After an anxious time of straining at the ropes, they succeeded in bringing the diver to the surface, hauled him into the cutter, unscrewed his helmet and—thought him dead. Applying artificial respiration immediately in the hope of his being alive, and forcing brandy between the clenched teeth, they were fortunate enough to bring Pearce round; and then the mystery was explained. The signal man had made a mistake; he had called “Slack away!” when he should not have done, with the result that the diver had slipped from the deck of the sunken Mindora, to fall heavily on the floor of the ocean, cutting his air supply and knocking himself unconscious. A few moments more down there, with the air supply cut off, and he would inevitably have died of suffocation.

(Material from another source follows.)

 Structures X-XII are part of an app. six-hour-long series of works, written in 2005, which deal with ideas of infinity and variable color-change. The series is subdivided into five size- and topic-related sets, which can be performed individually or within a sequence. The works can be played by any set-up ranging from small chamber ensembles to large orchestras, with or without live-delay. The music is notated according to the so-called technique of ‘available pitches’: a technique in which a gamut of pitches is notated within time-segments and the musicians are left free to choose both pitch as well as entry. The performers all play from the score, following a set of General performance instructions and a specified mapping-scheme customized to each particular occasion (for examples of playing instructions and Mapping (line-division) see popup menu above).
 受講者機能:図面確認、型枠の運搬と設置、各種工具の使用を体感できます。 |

This was by no means the only adventure that befel Pearce in the course of his work in the depths, and although the following incident took place in a river, and not at sea, it may be included in this record. He was at work on the s.s. London, which had sunk in the Tay, and his task was to attach the bales of cotton with which she was laden to the large drag hooks which men in the vessel above were letting down to him. What made the job a ticklish one was the fact that the water was thick, and, as he himself said, “I had to do all my work by feeling!”

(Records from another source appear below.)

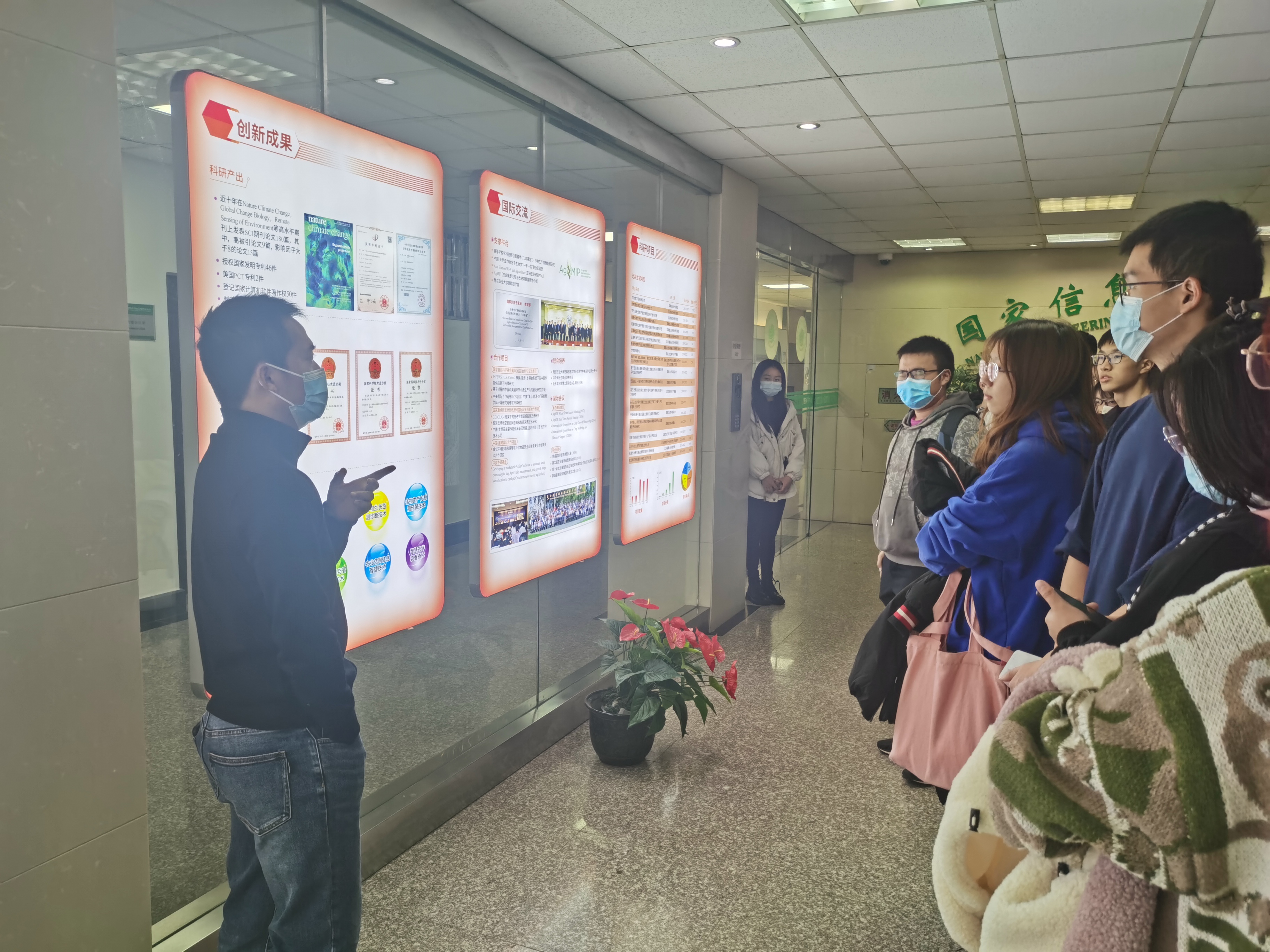 最后,由郑恒彪老师带领同学们参观了国家信息农业工程技术中心。郑老师以幽默风趣的口吻介绍了智慧农业的风采,让同学们重新认识了现代农业的自动化和先进性。郑老师指出,智慧农业,即是用信息技术指导农业生产,以科技的力量带动农业增产增收。最后,郑老师着重介绍了实验室具体的研究方向:一是农情遥感监测;二是农田系统模拟;三是农业精确管理方向-农业信息工程。运用前几个方向研究成果进行高新农业装备研究,将现代农业、物联网、人工智能和机电工程结合,利用智慧农业推动生命发展。
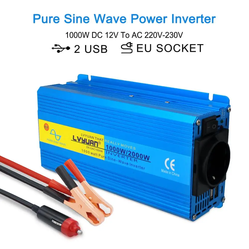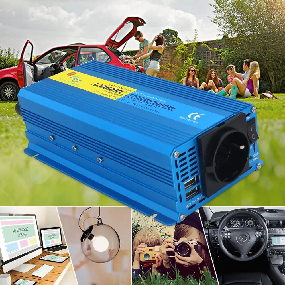 Инвертирующий усилитель напряжения, 2000 Вт, немодулированный синусоидальный сигнал, трансформатор напряжения для автомобиля, кемпинга, 230 а, с 2 USB-портами и европейской вилкой, 12 В постоянного тока на В переменного тока, голубой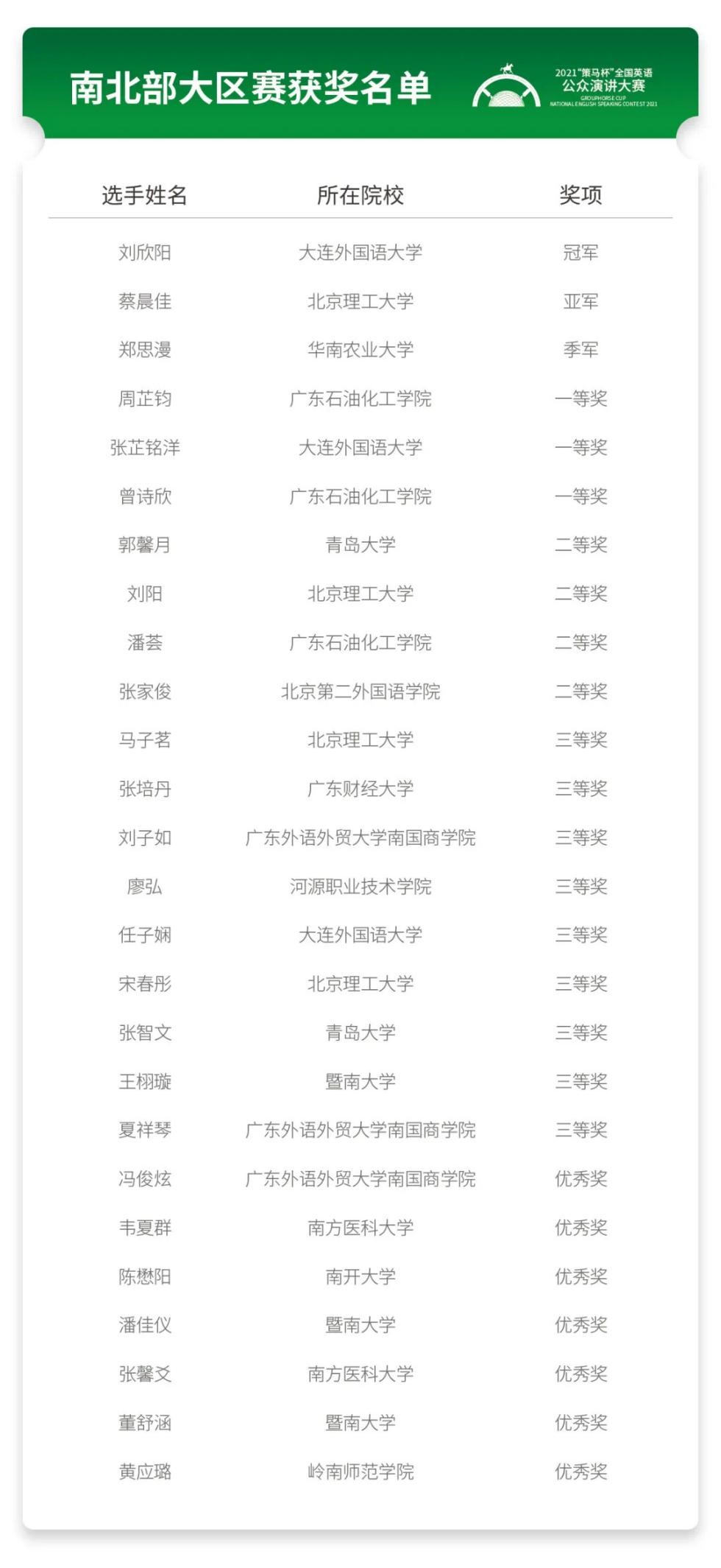 2021“策马杯“全国英语公众演讲南北大区赛已于11月28日落下帷幕,由于疫情防控要求,本次线下南北大区赛采用线上实时互动的形式进行。比赛共分为两个阶段,第一阶段为定题演讲,第二阶段为即兴演讲和评委问答。经过激烈角逐,网上博彩平台推荐

It is easy to imagine that Pearce found it very hard to manipulate the drag hook which, after hauling a bale up, would descend to him again, perhaps narrowly missing knocking him on the helmet, to the danger of the glass front, which, breaking, would mean death. However, this did not happen; instead, after he had fixed the four-pronged hook in a bale it slipped, and in doing so, and before Pearce could jump aside, caught him in the palm of his hand. The winches above, of course, were hauling away at the chain which, going up, carried Pearce with it, and soon he found himself in intense agony on the upper deck of the London. By good luck he managed to wrench the hook out of his palm just then, and the chain went upwards without a load, and the men above believed that the bale had slipped as it was being hoisted. They little knew what kind of a load it had had on it—a human load! Once free of the hook Pearce, suffering severely, and feeling faint from loss of blood, gave the signal to be hauled up, and in a short time was on the surface. The men in the lighter quickly attended to him, and they found that his palm had been torn completely open, and that the hook had penetrated the third finger. That accident cost Pearce three months’ work, and for a long time he despaired of ever being able to use the hand again.